Operative laparoscopy is a procedure used to help diagnose and treat a woman's pelvic condition. By using a specialized camera called a laparoscope, your doctor can view the inside of your abdomen on a video screen. This will allow him or her to see abnormalities more clearly, and determine if treatment is required. If treatment is required, or if an operative laparoscopy was already planned, your doctor can then perform that part of the procedure.

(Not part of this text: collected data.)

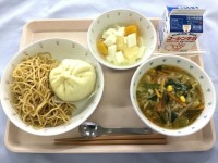 今日の献立は、「鯖の辛子醤油かけ」「五色和え」「胡麻みそけんちん汁」「鶏そぼろ付きごはん」と「牛乳」です。
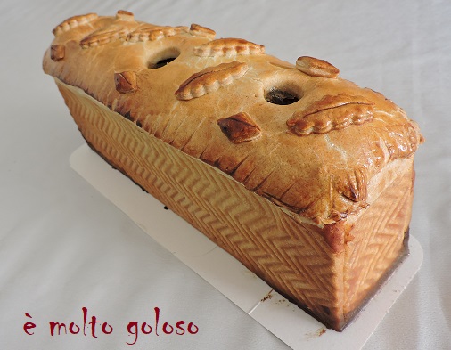- ♦ Finition : ajouter le couvercle de pâte (33 X 10), bien souder avec les doigts. Chiqueter le tour avec les doigts ou un couteau. Percer 3 cheminées et placer 3 douilles unies. Dorer le couvercle et ajouter un décor de pâte au choix. Dorer. Laisser reposer 20 minutes au frais.
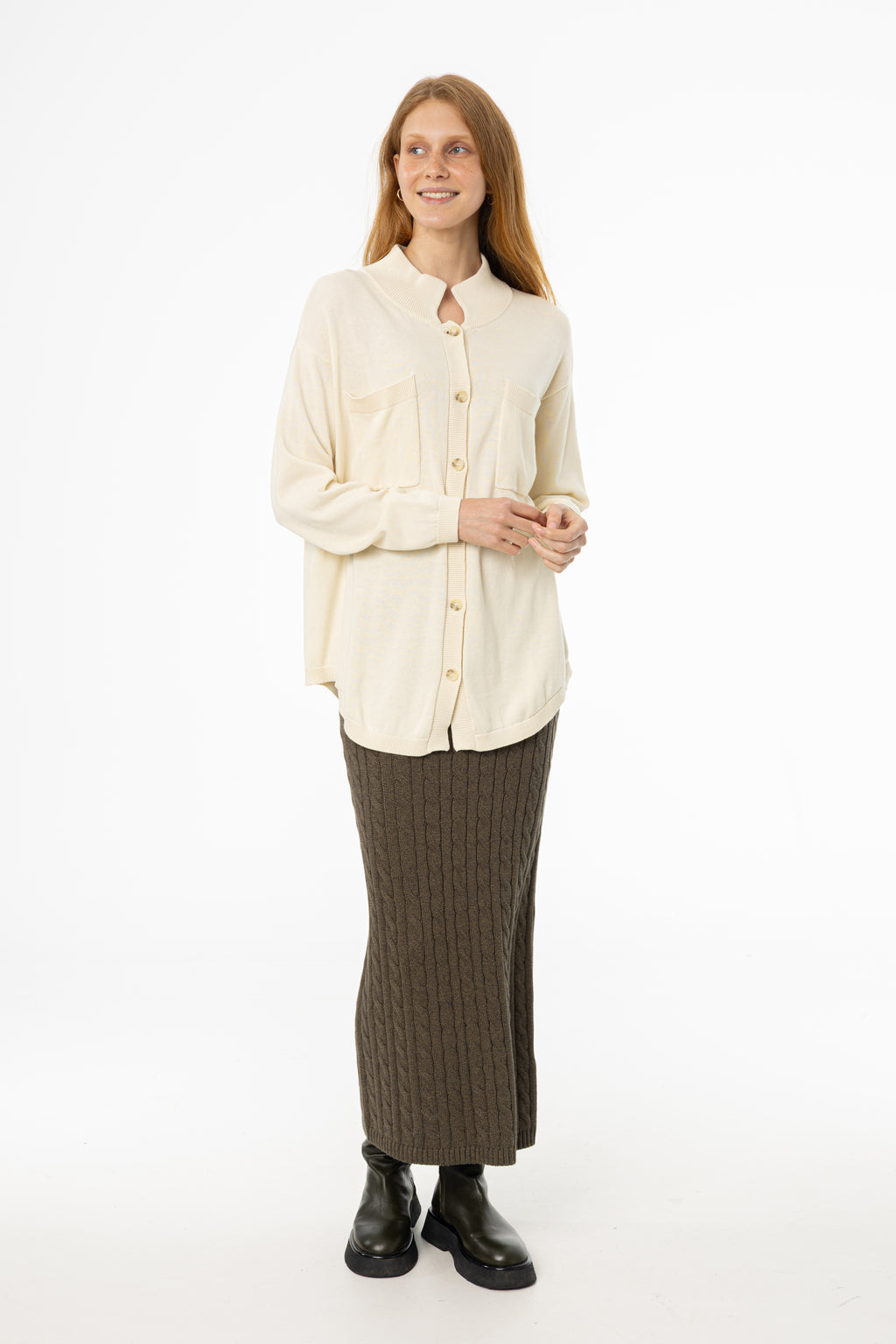 Knits aren’t just for tops. This cable knit skirt pairs texture with comfort, making it a fresh alternative to basics. Style it with matching knits or mix it with crisp shirts for contrast. A playful yet practical addition to your wardrobe.
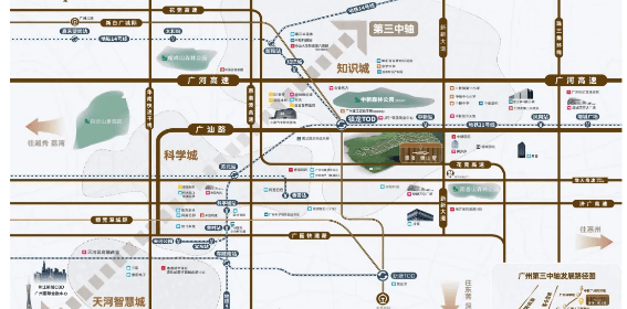 答:便捷,距地铁 21 号线中新站约 500 米,4 站到天河,还有多线路、主干道覆盖,大湾区出行无忧。
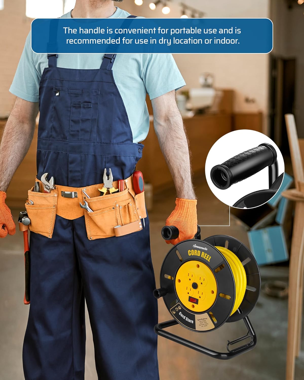 DEWENWILS Extension Cord Storage Reel with 4-Grounded Outlets, Heavy Duty Open Cord Reel for 12/3,14/3,16/3 Gauge Power Cord, Hand Wind Retractable, 10A Circuit Breaker, Rocker Power Switch
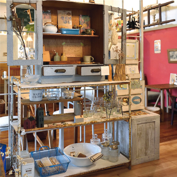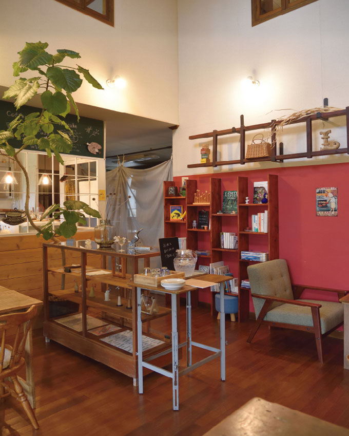 メニューを注文したら出来上がるまでの間にゆっくり作家モノをセレクトした雑貨を楽しみましょう。赤い壁が印象的な内装も素敵で、家具類は全て敏博さんが手がけたもの。コツコツ一から家族で創り上げたラピスラズリは、どこまでもあたたかくやさしさに溢れています。
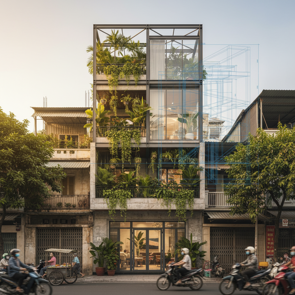 Giải Pháp Nâng Tầng Nhà Phố Trên Nền Móng Cũ Bằng Vật Liệu Nhẹ: An Toàn – Tiết Kiệm – Bền Vững
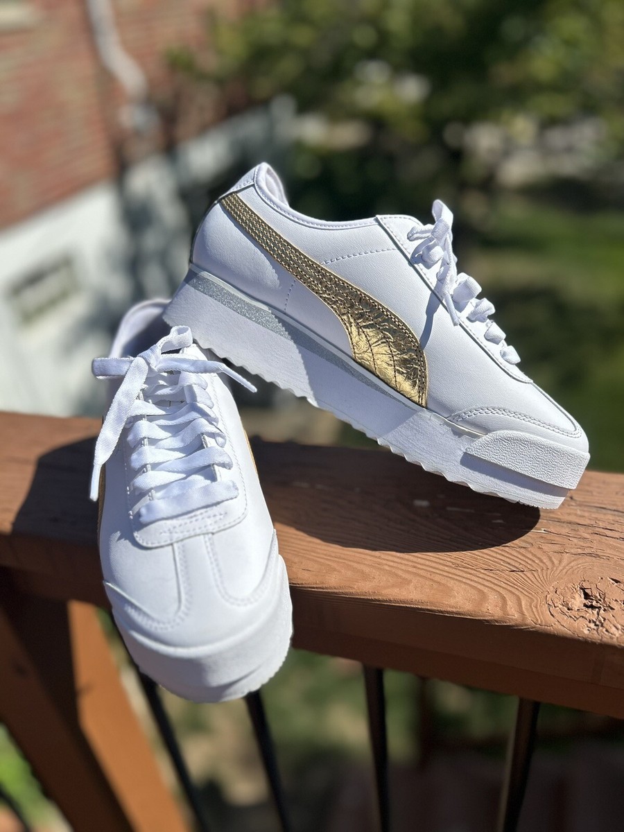 puma roma amor metallic sneakers in white sale
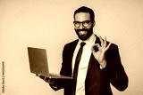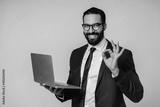 Successful young islamic businessman showing okay gesture with laptop isolated over grey background
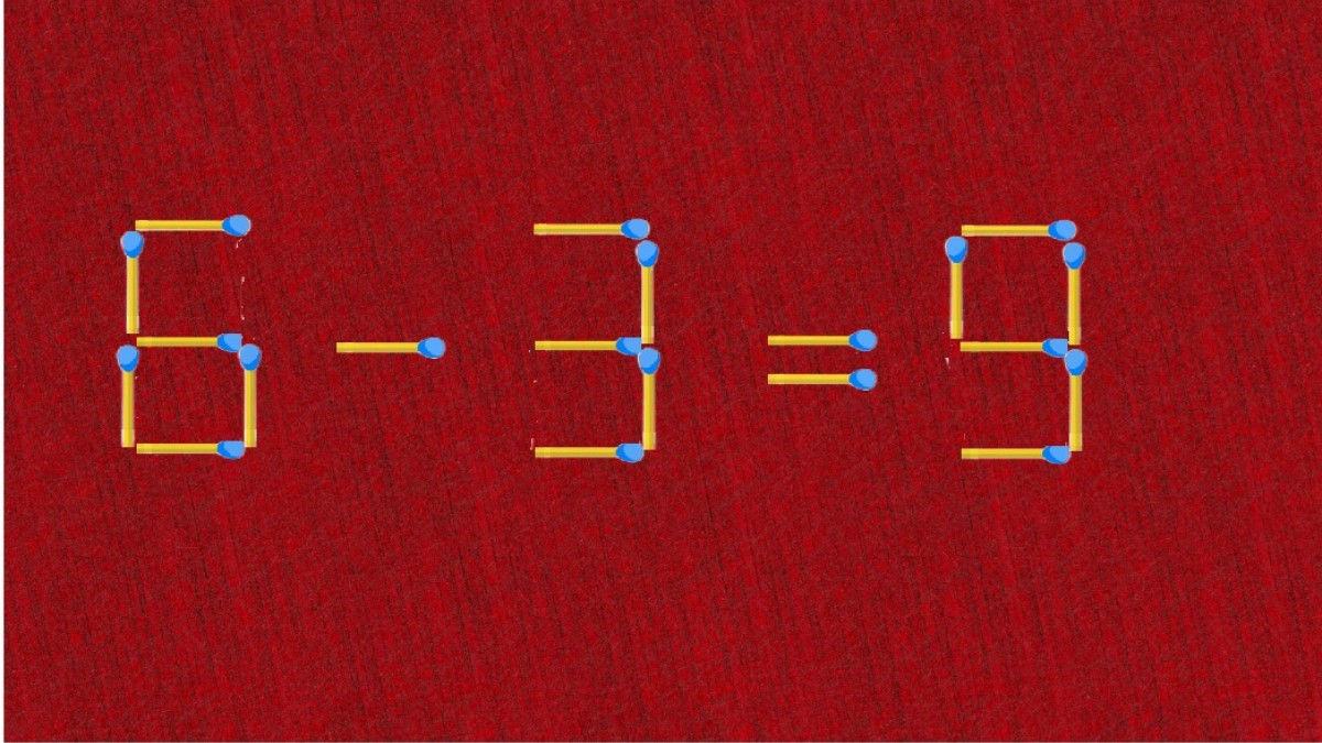 Прямо сейчас у вас есть возможность испытать свой интеллект в решении нашей головоломки. На иллюстрации показан пример «6-3=9», ошибку в записи необходимо исправить перемещением всего одной спички.
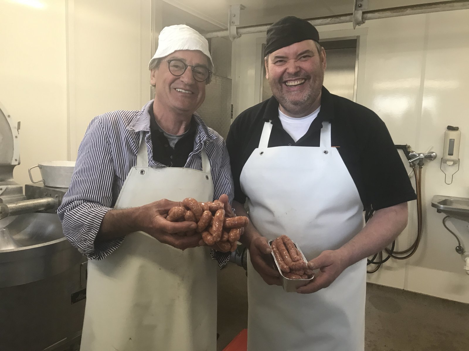 Franz Gernstl hat zusammen mit Metzger Martin Burmann (rechts) aus Pfaffenhofen bei Roth etwas Neues kreiert: Gernstl’s Brotbratwurst mit Brotgewürzen.Bild: © BR/megaherz gmbh
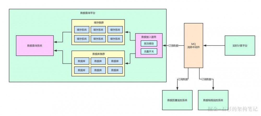 然后,数据查询平台、数据质量监控系统、数据链路追踪系统,各个系统都需要那个数据计算结果,都会去订阅里面的数据。
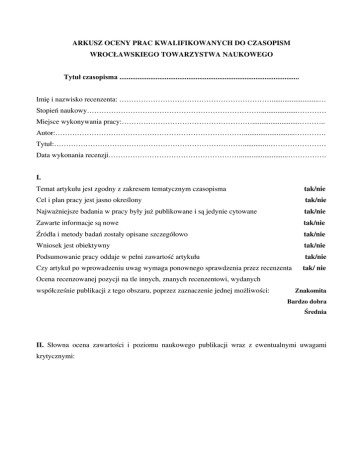 ARKUSZ OCENY PRAC KWALIFIKOWANYCH DO CZASOPISM WROCŁAWSKIEGO TOWARZYSTWA NAUKOWEGO Tytuł czasopisma ................................................................................................... Imię i nazwisko recenzenta: ………………………………………………………..........................… Stopień naukowy………………………………………………………………....................………… Miejsce wykonywania pracy:………………………………………………..........................……….. Autor:……………………………………………………………………............................…………. Tytuł:……………………………………………………………………..............…………………… Data wykonania recenzji………………………………………………...........................……………. I. Temat artykułu jest zgodny z zakresem tematycznym czasopisma tak/nie Cel i plan pracy jest jasno określony tak/nie Najważniejsze badania w pracy były już publikowane i są jedynie cytowane tak/nie Zawarte informacje są nowe tak/nie Źródła i metody badań zostały opisane szczegółowo tak/nie Wniosek jest obiektywny tak/nie Podsumowanie pracy oddaje w pełni zawartość artykułu tak/nie Czy artykuł po wprowadzeniu uwag wymaga ponownego sprawdzenia przez recenzenta tak/ nie Ocena recenzowanej pozycji na tle innych, znanych recenzentowi, wydanych współcześnie publikacji z tego obszaru, poprzez zaznaczenie jednej możliwości: Znakomita Bardzo dobra Średnia II. Słowna ocena zawartości i poziomu naukowego publikacji wraz z ewentualnymi uwagami krytycznymi:
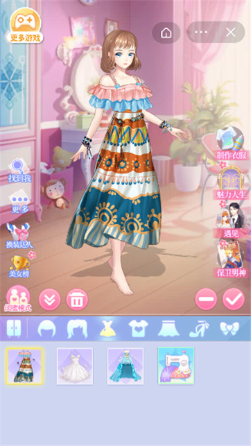 游戏提供了多样化的玩法体验,让你在享受时尚搭配乐趣的同时,还能参与各种有趣的活动。你可以通过学习游戏中的穿搭技巧,掌握更多时尚搭配方法,提升自己的造型能力。游戏设置了丰富的任务系统,完成这些任务不仅能获得丰厚的奖励,还能解锁更多精美的服饰和道具。在游戏商城中,你可以购买各种风格的衣服、鞋子和配饰,从甜美可爱到成熟优雅,应有尽有,让你的搭配选择更加多样化。
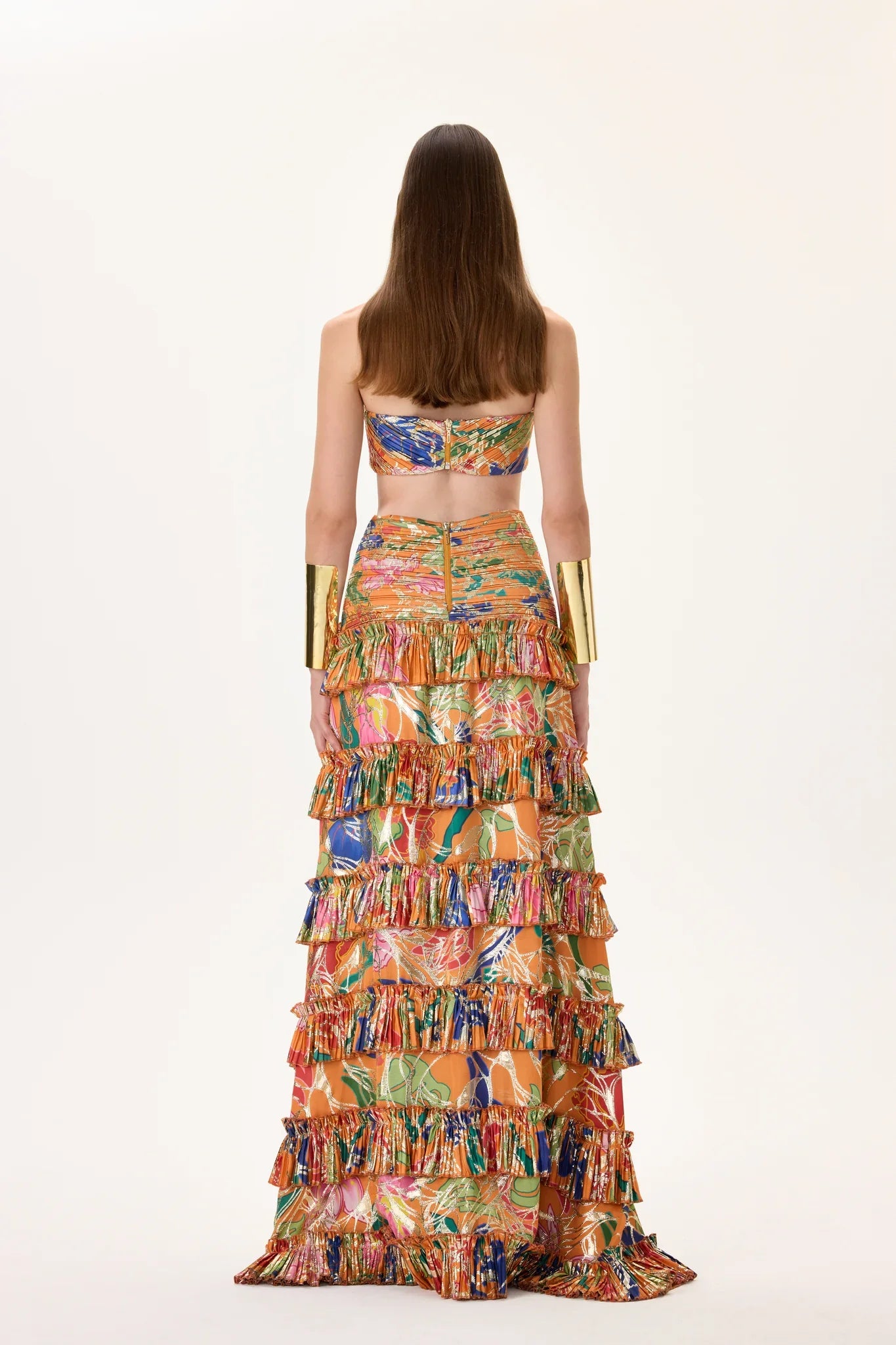 Elegant pleated viscose crop top adorned with multicolor floral patterns and gold foil detailing. Lightweight and luxurious, this piece blends modern sophistication with summer vibrancy.
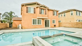 Beautiful 2 story home nestled in the highly desirable Eastvale community. This home boasts 4 bedrooms 2.5 baths and a huge upstairs loft. Entering the home a formal living and dining area welcome you with wood flooring and high ceilings giving the home a large look. The sizable kitchen is great for cooking and features black appliances, a double oven, kitchen island, granite counter tops and windows overlooking the backyard. A warm family room with tile faced fireplace adds heat to these cold winter days. Easy access to a downstairs laundry room and half bath. Recessed lighting and built in surround sound is a plus. Bedrooms have plenty of closet space, window views and recessed lighting. Shareable upstairs bathroom has a double granite sink vanity, large vanity mirror and in tub shower. Entering the double doors into the master bedroom, there is a private master bath, with a tile standup shower, bathtub to relax in, double sink vanity and huge walk in closet. The loft has a vast amount of space and can be converted into an entertainment room or room of your choice. If a pool is what your looking for this home has it along with a spa and huge backyard. Near large community parks, Eastvales high rated schools, shopping centers and easy fwy access.
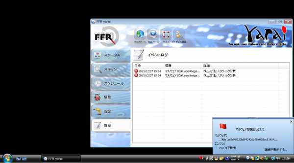 Windows 7 × FFRI プロアクティブ セキュリティ 1.0.206(2015年4月リリース)
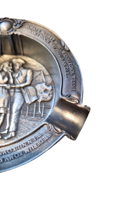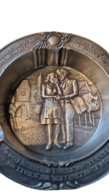 Dekorativní cínový popelník s reliéfním vyobrazením páru a textem po obvodu.
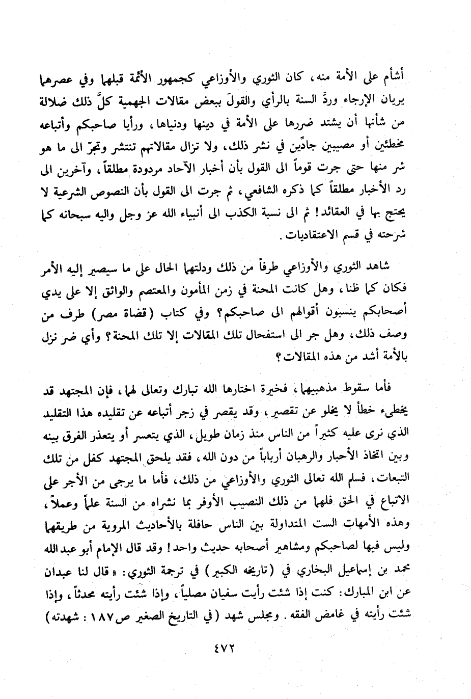 أشأم على الأمة منه. كان الثوري والأوزاعي كجمهور الأئمة قبلها وفي عصرهما يريان الإرجاء ورد السنة بالرأي والقول ببعض مقالات الجهمية كل ذلك ضلالة من شأنها أن يشتد ضررها على الأمة في دينها ودنياها ورأيا صاحبكم وأتباعه مخطئين أو مصيبين جادين في نشر ذلك ولا تزال مقالاتهم تنتشر وتجر إلى ما هو شر منها حتى جرت قوما إلى القول بأن أخبار الآحاد مردودة مطلقا وآخرين إلى رد الأخبار مطلقا كما ذكره الشافعي ثم جرت إلى القول بأن النصوص الشرعية لا يحتج بها في العقائد! ثم إلى نسبه الكذب إلى أنبياء الله عز وجل وإليه سبحانه كما شرحته في قسم الاعتقاديات.
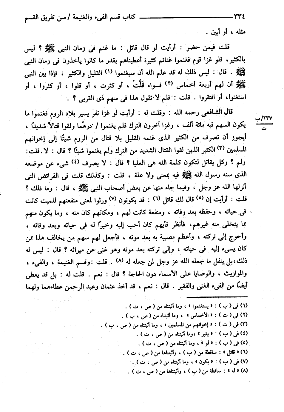 مِثْلُهُ , أَوْ أَبْيَنُ قُلْت فِيمَنْ حَضَرَ أَرَأَيْت لَوْ قَالَ : قَائِلٌ مَا غُنِمَ فِي زَمَانِ النَّبِيِّ - صلى الله عليه وسلم - ؟ لَيْسَ بِالْكَثِيرِ , فَلَوْ غَزَا قَوْمٌ فَغَنِمُوا غَنَائِمَ كَثِيرَةً أَعْطَيْنَاهُمْ بِقَدْرِ مَا كَانُوا يَأْخُذُونَ فِي زَمَانِ النَّبِيِّ - صلى الله عليه وسلم - قَالَ لَيْسَ ذَلِكَ لَهُ , قَدْ عَلِمَ اللَّهُ أَنْ يستغنموا الْقَلِيلَ وَالْكَثِيرَ , فَإِذَا بَيَّنَ النَّبِيُّ - صلى الله عليه وسلم - أَنَّ لَهُمْ أَرْبَعَةَ أَخْمَاسٍ فَسَوَاءٌ قَلَّتْ , أَوْ كَثُرَتْ أَوْ قَلُّوا , أَوْ كَثُرُوا , أَوْ اسْتَغْنَوْا أَوْ افْتَقَرُوا : قُلْت فَلِمَ لاَ تَقُولُ هَذَا فِي سَهْمِ ذِي الْقُرْبَى ؟ .
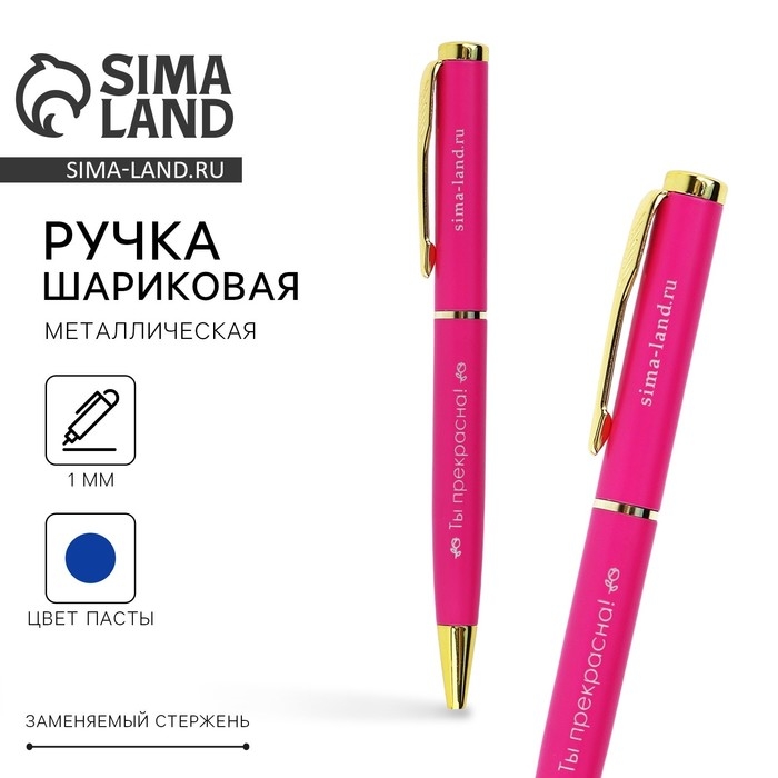 Ручка металл «Ты прекрасна!», синяя паста 1.0 мм

Operative Laparoscopy: An Introduction

Your doctor may have recommended a procedure called diagnostic laparoscopy or operative laparoscopy to help diagnose, and possibly treat, your condition. A diagnostic laparoscopy can turn into an operative laparoscopy if the doctor finds an abnormal condition during the procedure that can be also be treated.
It is impossible to list all of the possible conditions that could require exploration and possible treatment with a laparoscopy. However, common gynecological problems evaluated during laparoscopy include:
  • Endometriosis
  • Pelvic adhesions
  • Ectopic pregnancy
  • Pelvic or ovarian masses, such as ovarian cysts 
  • Fibroids
  • Infertility and sterilization.

Operative Laparoscopy: The Procedure Itself

After your anesthesia takes effect, your abdomen and vagina will be washed with a special disinfectant solution. Your feet will then be placed in stirrups. A catheter, or small tube, will be placed in your bladder to empty it of urine. The catheter will be taken out before the procedure begins.
Your doctor will begin by placing a speculum into your vagina. A small instrument will then carefully be placed into the end of your cervix. This makes it possible for your doctor to gently move the uterus into different positions, so that your pelvic structures can be seen more clearly through the laparoscope.
Then a small incision, or cut, will be made in or just below your navel. A tube, called a trocar, will then be inserted into your abdomen. Through this, your doctor will fill your abdomen with carbon dioxide gas, which is like the air you breathe out. This gas helps your doctor see your pelvic structures more clearly. The laparoscope will then be inserted. Through this, your doctor will view the inside of your abdomen on a video screen. The laparoscope can also take pictures and videotape the procedure.
Your doctor will be looking for anything that appears abnormal. If your doctor finds something abnormal during the examination, or if an operative laparoscopy was already planned, the main part of the procedure will then begin. Occasionally, two or three small incisions may need to be made just below the navel for other instruments.
The specifics of this portion of the procedure will depend on your particular pelvic problem, its location, and size.
Once the operative laparoscopy is complete, the air and instruments are removed. The incisions are then stitched closed and covered with bandages. Over time, these stitches will be absorbed by your body.